# This just arrived



## Sandman (Mar 26, 2006)

Well this just arrived. Tried a new vendor. Price was damn good. All looks good so far, and have not smoked one yet. Any comments would be appreciated.

Box codes are HFR JUL04 and KNA NOV 04


----------



## Sandman (Mar 26, 2006)

More photos


----------



## Sandman (Mar 26, 2006)

Some more


----------



## Sandman (Mar 26, 2006)

Last but not least


----------



## Baric (Jun 14, 2006)

Very nice indeed-Limited Edition, congrats on a great buy!


----------



## Twill413 (Jul 19, 2006)

Got to love good quality cigar ****


----------



## BP22 (Apr 13, 2006)

Those look good enough to smoke...:dr 

Well done Matt.


----------



## clampdown (Feb 7, 2006)

nice purchase,


----------



## moon (Jun 12, 2006)

:dr WOW :dr


----------



## cfheater (Jan 14, 2006)

fakes:dr


----------



## RPB67 (Mar 26, 2005)

Nice purchase.

One box to smoke and one box to put away for a :s .


----------



## Blueface (May 28, 2005)

Those Hermoso #2 are delicious.
Great buy.
Great full bodied smoke.
Just ask some of the South Florida CS BOTLs that got a taste of my box.

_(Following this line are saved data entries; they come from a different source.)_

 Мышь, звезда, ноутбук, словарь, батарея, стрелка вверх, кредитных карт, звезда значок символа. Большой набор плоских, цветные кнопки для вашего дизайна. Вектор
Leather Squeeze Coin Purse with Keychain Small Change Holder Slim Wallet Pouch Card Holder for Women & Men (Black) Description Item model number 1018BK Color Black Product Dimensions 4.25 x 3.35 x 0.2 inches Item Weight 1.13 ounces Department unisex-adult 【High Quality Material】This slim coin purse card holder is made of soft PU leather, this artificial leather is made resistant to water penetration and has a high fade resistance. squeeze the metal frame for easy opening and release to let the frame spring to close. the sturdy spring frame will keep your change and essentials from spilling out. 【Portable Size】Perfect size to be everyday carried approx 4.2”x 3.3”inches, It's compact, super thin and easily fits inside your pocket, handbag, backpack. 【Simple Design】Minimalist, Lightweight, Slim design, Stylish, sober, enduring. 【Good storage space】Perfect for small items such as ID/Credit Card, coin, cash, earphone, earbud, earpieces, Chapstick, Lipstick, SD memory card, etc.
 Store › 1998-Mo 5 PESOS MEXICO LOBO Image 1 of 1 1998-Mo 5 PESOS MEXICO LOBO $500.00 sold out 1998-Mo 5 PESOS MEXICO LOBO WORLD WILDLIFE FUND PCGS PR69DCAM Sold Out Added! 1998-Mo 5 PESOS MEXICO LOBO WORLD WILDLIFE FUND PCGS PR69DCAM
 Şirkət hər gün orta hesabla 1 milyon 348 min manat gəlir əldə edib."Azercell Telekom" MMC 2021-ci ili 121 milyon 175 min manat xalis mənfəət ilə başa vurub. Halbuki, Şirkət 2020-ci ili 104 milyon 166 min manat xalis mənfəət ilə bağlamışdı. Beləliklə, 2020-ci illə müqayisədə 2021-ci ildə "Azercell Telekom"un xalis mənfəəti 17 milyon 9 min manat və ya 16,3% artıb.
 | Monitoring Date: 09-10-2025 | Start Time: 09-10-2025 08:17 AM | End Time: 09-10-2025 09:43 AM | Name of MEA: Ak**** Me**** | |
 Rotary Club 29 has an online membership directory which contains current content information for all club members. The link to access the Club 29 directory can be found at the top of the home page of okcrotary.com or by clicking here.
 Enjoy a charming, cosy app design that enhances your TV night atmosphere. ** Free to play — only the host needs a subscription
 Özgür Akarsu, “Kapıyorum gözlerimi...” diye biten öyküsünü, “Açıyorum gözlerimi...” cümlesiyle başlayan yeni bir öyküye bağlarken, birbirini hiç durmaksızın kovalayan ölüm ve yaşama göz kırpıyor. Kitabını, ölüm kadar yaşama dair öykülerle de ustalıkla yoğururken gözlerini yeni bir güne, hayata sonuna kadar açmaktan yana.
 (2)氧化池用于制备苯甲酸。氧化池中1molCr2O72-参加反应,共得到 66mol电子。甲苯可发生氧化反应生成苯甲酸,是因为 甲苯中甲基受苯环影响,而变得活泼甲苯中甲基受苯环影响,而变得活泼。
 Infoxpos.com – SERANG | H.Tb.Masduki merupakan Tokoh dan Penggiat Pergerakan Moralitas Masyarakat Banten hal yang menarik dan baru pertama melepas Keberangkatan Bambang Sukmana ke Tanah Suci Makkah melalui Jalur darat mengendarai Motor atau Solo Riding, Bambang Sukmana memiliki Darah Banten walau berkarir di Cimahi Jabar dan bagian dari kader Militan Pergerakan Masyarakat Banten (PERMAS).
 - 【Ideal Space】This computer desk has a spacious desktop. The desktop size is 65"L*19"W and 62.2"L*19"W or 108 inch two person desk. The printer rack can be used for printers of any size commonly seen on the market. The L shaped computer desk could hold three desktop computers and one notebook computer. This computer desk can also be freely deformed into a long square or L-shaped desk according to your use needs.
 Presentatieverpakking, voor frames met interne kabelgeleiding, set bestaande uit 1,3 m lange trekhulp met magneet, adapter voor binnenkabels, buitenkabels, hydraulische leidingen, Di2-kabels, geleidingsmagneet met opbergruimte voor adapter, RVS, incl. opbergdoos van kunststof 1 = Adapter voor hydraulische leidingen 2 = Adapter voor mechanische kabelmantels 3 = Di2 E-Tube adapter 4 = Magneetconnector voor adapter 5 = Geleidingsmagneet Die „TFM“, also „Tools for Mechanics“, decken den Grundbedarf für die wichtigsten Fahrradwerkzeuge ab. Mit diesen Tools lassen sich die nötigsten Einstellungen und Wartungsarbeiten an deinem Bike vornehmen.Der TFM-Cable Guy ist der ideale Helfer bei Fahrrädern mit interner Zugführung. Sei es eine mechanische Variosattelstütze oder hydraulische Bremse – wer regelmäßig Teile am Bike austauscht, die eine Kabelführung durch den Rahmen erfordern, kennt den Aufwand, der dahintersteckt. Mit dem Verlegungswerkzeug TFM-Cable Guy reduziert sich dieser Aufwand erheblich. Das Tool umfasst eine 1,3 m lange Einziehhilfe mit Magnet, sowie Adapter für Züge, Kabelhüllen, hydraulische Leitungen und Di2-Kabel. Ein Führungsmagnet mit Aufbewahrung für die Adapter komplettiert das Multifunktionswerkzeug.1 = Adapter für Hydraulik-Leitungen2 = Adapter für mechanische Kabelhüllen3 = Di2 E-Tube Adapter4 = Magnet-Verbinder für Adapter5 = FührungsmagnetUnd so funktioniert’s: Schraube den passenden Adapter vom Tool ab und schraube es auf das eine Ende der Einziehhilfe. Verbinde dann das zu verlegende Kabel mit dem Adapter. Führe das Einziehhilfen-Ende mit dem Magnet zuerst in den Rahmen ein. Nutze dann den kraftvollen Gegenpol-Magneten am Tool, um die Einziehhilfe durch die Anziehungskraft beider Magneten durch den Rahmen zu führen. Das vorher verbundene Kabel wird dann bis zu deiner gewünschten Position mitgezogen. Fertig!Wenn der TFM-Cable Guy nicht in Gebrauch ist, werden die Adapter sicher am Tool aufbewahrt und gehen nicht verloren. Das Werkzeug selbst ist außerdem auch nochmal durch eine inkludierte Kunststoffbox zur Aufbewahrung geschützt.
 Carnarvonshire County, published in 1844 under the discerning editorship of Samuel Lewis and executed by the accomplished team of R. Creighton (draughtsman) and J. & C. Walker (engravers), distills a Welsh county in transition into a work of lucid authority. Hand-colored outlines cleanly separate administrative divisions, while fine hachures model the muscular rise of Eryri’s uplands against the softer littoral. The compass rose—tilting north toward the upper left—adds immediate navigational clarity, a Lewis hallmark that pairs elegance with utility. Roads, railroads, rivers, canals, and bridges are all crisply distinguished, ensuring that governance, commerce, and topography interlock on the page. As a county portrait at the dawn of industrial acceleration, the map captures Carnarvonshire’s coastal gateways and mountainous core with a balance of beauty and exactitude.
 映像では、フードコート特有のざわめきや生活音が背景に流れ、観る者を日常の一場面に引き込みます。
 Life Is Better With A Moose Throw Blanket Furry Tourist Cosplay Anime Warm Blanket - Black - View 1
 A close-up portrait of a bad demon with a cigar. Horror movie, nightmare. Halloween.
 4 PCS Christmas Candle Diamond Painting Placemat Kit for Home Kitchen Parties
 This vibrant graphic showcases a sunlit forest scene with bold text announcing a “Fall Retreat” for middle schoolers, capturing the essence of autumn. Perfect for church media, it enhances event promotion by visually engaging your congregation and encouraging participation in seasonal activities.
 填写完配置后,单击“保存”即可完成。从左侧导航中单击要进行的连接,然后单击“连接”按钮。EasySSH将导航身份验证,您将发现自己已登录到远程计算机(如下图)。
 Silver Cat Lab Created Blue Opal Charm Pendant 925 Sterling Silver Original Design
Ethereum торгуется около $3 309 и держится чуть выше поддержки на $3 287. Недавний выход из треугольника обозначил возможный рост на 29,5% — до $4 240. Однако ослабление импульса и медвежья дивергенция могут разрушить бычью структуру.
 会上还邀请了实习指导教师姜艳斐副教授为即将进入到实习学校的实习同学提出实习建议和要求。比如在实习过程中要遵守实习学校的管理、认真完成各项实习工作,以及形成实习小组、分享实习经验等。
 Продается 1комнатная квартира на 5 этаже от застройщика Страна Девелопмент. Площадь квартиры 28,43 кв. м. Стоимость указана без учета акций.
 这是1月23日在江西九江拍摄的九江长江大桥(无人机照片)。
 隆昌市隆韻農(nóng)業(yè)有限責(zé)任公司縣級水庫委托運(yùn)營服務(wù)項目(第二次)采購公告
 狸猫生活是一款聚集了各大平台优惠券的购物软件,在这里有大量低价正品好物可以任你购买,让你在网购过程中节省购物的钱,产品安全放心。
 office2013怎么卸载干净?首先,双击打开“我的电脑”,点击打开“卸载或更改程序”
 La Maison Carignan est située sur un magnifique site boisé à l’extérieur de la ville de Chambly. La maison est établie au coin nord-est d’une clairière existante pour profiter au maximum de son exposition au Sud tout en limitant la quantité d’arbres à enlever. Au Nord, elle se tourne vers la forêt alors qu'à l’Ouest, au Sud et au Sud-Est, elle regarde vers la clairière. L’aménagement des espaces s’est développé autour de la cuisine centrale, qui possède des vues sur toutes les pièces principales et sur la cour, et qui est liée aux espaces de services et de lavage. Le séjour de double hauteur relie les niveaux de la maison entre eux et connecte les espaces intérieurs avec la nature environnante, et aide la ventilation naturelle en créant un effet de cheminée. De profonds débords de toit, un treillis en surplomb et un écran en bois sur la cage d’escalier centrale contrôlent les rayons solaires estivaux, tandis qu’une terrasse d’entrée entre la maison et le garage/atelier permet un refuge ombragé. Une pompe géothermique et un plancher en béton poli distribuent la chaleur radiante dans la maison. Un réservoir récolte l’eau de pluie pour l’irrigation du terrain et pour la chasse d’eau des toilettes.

I have a box of Hermoso #1 aging away, untouched.
I am tempted now.


----------



## IHT (Dec 27, 2003)

Blueface said:


> Just ask some of the South Florida CS BOTLs that got a taste of my box.


 
that doesn't sound quite right, does it?

:r


----------



## JohnnyFlake (May 31, 2006)

I am pretty sure that they are fakes, but then again, they could be the real thing. Send me five cigars from each box. I'll check them out and let you know for sure!  

JohnnyFlake


----------



## Sandman (Mar 26, 2006)

RPB67 said:


> Nice purchase.
> 
> One box to smoke and one box to put away for a :s .


I think this is some of the best advice. Glad that I am now finally getting in this mind set.


----------



## kanadakid (Jul 19, 2004)

LUv,


Just letting them set for a few weeks makes a difference. My El reys look different from when I first received them. When i first got them the wrappers had some markings and they smoked a little young.

After 3 4 week in the humidor the wrappers look more uniform and they have settled down a bit. Let them sit as long as you can stand it.

Question to all. The habanos branding on the bottom. I know that it has to be indented on the bottom of the box but is there no ink or is it heat stanped and then some ink ? 

The box on the left pic in this post looks like it is darker (with some ink) and the box on the right looks like lighter than the box on the right. 

Can the barnding on the bottom of the box have some ink ?



KId


----------



## brian (Jan 1, 2000)

luvsmesumcigars said:


> More photos


Matt

I am thinking of buying these. What is the box code of the box on the right? they look very dark and oily or is that just the lighting in the photo?

Thanks


----------



## bonggoy (Mar 9, 2006)

luvsmesumcigars said:


> Well this just arrived. Tried a new vendor. Price was damn good. All looks good so far, and have not smoked one yet. Any comments would be appreciated.
> 
> Box codes are HFR JUL04 and KNA NOV 04


How much did these bad boys cost you?


----------



## Sandman (Mar 26, 2006)

brian said:


> Matt
> 
> I am thinking of buying these. What is the box code of the box on the right? they look very dark and oily or is that just the lighting in the photo?
> 
> Thanks


Brian the code is HFR JUL04. Hope this helps. Still haven't smoked one but am looking forward to it.


----------



## Sandman (Mar 26, 2006)

bonggoy said:


> How much did these bad boys cost you?


Bonggoy, P.M. sent.


----------



## Navydoc (Jan 26, 2005)

IHT said:


> that doesn't sound quite right, does it?
> 
> :r


:r Only you Greg...only you!


----------



## Sandman (Mar 26, 2006)

SHHHHHHHHHH! Don't tell anyone but these are good. I'm not even done with it yet.


----------



## brian (Jan 1, 2000)

luvsmesumcigars said:


> SHHHHHHHHHH! Don't tell anyone but these are good. I'm not even done with it yet.


I just pulled the trigger..shhhhhh is right. Probably the best deal I have seen all year on any box


----------